50 million operations

Measurement WiredTiger RocksDB
Ops/sec 296399 229644
micros/op 3.37 4.355
Throughput (MB/s) 230 178
99% Latency 10.6 6.77
99.99% Latency 88 19.74
Max Latency 34444 213805
DB size (GB) 18 25

200 million operations

Measurement WiredTiger RocksDB
Ops/sec 295439 227928
micros/op 3.38 4.38
Throughput (MB/s) 229 177
99% Latency 10.6 6.5
99.99% Latency 96 22
Max Latency 204659 214027
DB size (GB) 115 100

Notes:

  • The database size referenced from a fill random is measured after allowing a compact operation to finish.
  • The database size when populated with fill random is smaller than with fill sequential, because not all keys in the range are inserted (and some keys are inserted multiple times). For this reason benchmarks that follow a populate phase should be based on a database generated via fill sequential, followed by an overwrite (the overwrite avoids any tricks re: loading sequentially).

Overwrite

50 million operations

Measurement WiredTiger RocksDB
Ops/sec 301910 41720
micros/op 3.31 23.97
Throughput (MB/s) 234 32
99% Latency 10.6 1047
99.99% Latency 88 1199
Max Latency 32596 3208136
DB size (GB) 47 51

200 million operations

Measurement WiredTiger RocksDB
Ops/sec 292151 17954
micros/op 3.42 55.7
Throughput (MB/s) 227 14
99% Latency 10.7 1142
99.99% Latency 108 1199
Max Latency 1294245 6528779
DB size (GB) 221 180

Notes:

  • This is a more realistic test than the fill random and fill sequential tests, it equates to loading into an LSM tree that already contains some data.

Read Random

50 million items in DB. 32 threads, 500k ops each thread

Measurement WiredTiger RocksDB
Ops/sec 151604 450157
micros/op 6.59 2.22
99% Latency 1302 190
99.99% Latency 2852 1962
Max Latency 19560 19970
DB size (GB) 44 40

200 million items in DB. 32 threads, 500k ops each thread

Measurement WiredTiger RocksDB
Ops/sec 69864 21365
micros/op 14.31 46.8
99% Latency 3023 3241
99.99% Latency 18404 19930
Max Latency 4960972 251701
DB size (GB) 196 162

Notes:

  • In the smaller test WiredTiger is slower than RocksDB, because it is operating on a database with multiple levels, thus reads often require more lookups to satisfy.

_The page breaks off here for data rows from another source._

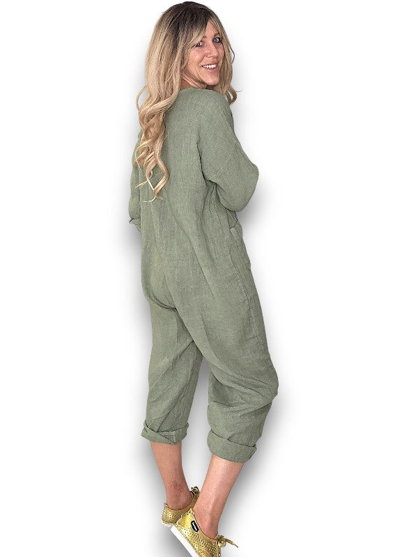 Forest Pearl Front Buttons Long Sl Jumpsuit
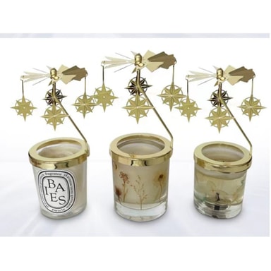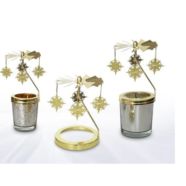 Koe lumoavaa lämpövoimaista pyörimistä tällä kultaisella pyörivällä kynttilänjalalla, jossa on 7,4 cm:n pohja. Luo romanttisen tunnelman luomalla kiehtovia varjoja. Ihanteellinen sisustus kodikkaisiin koteihin.Tutustu ominaisuuksiin
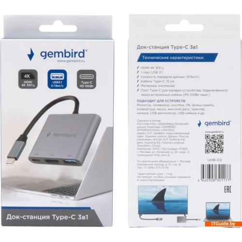 - С одним USB-A и одним USB-C портом, а также HDMI, вы сможете подключать все необходимые устройства без лишних проблем. Gembird UHB-D2 — это ваш надежный помощник в мире технологий!
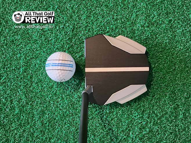 헤드 사이즈가 더 큰 말렛 퍼터는 블레이드보다 더 긴 정렬 선을 제공함으로 겨냥하기가 훨씬 유리하다고 느껴왔지만, 이 모델은 특히 더 자신감을 주었습니다. 검은 배경에 흰색이 대조적이어서 그런지, 홀까지 이어가는 선이 머릿속에 더 생생히 그려지는 것 같네요. 아무리 잘 친 퍼트라도 방향이 틀리면 답이 안 나오는데, 이 모델은 저에게 딱 맞는듯합니다! 블레이드 모델에서 이 같은 얼라인먼트 어디 없나요??
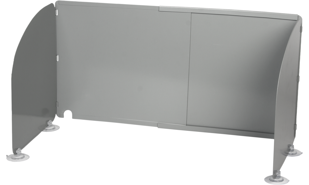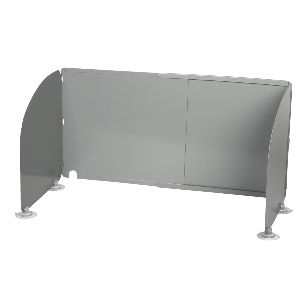 Kocher-Windschutz. Ausziehbarer Kocher-Windschutz aus verzinktem Stahl mit vier Saugnäpfen zur stabilen Befestigung.

The performance improves over time as the data set is read into file system cache - thus running the test for longer improves the WiredTiger numbers.
  • The RocksDB version of this test is based on a LSM tree generated with a sequential load. Thus all data has been loaded into a single level of the LSM tree - and each search should only ever need a single lookup (plus a bloom filter lookup). WiredTiger is searching in a tree that has been allowed to settle, but still contains several levels (chunks).
  • WiredTiger matches the RocksDB configuration of disabling mmap support. If mmap support is not disabled, WiredTiger is able to make much more effective use of the OS filesystem cache, especially when the working set is smaller than available memory.
  • The readrandom test produces larger databases because compression is disabled

Scripts

The scripts used to generate the results follow.

WiredTiger

Fill Sequential:

#!/bin/bash

# RocksDB uses block_size 65536, WiredTiger 4096
# RocksDB cache size 10485760, WiredTiger 1GB (RocksDB has other caches)

RESULT_DIR=results
echo "Load 1B keys sequentially into database....."
bpl=10485760;overlap=10;mcz=2;del=300000000;levels=6;ctrig=4; delay=8; stop=12; wbn=3; mbc=20; mb=67108864;wbs=134217728; dds=0; sync=0; r=50000000; t=1; vs=800; bs=4096; cs=1000000000; of=500000; si=1000000; ./db_bench_wiredtiger --benchmarks=fillseq --mmap_read=0 --statistics=1 --histogram=1 --num=$r --threads=$t --value_size=$vs --block_size=$bs --cache_size=$cs --bloom_bits=10 --verify_checksum=1 --db=$RESULT_DIR --sync=$sync --disable_wal=1 --compression_type=snappy --stats_interval=$si --disable_data_sync=$dds --target_file_size_base=$mb --stats_per_interval=1 --use_existing_db=0

du -s -k $RESULT_DIR

Fill Random:

#!/bin/bash

# NOTES: RocksDB disables compactions during fillrandom.
# RocksDB uses target_file_size_base 1073741824, WiredTiger 67108864 
# RocksDB uses block_size 65536, WiredTiger 4096
# RocksDB cache size 10485760, WiredTiger 1GB (RocksDB has other caches)

RESULT_DIR=results
echo "Bulk load database ...."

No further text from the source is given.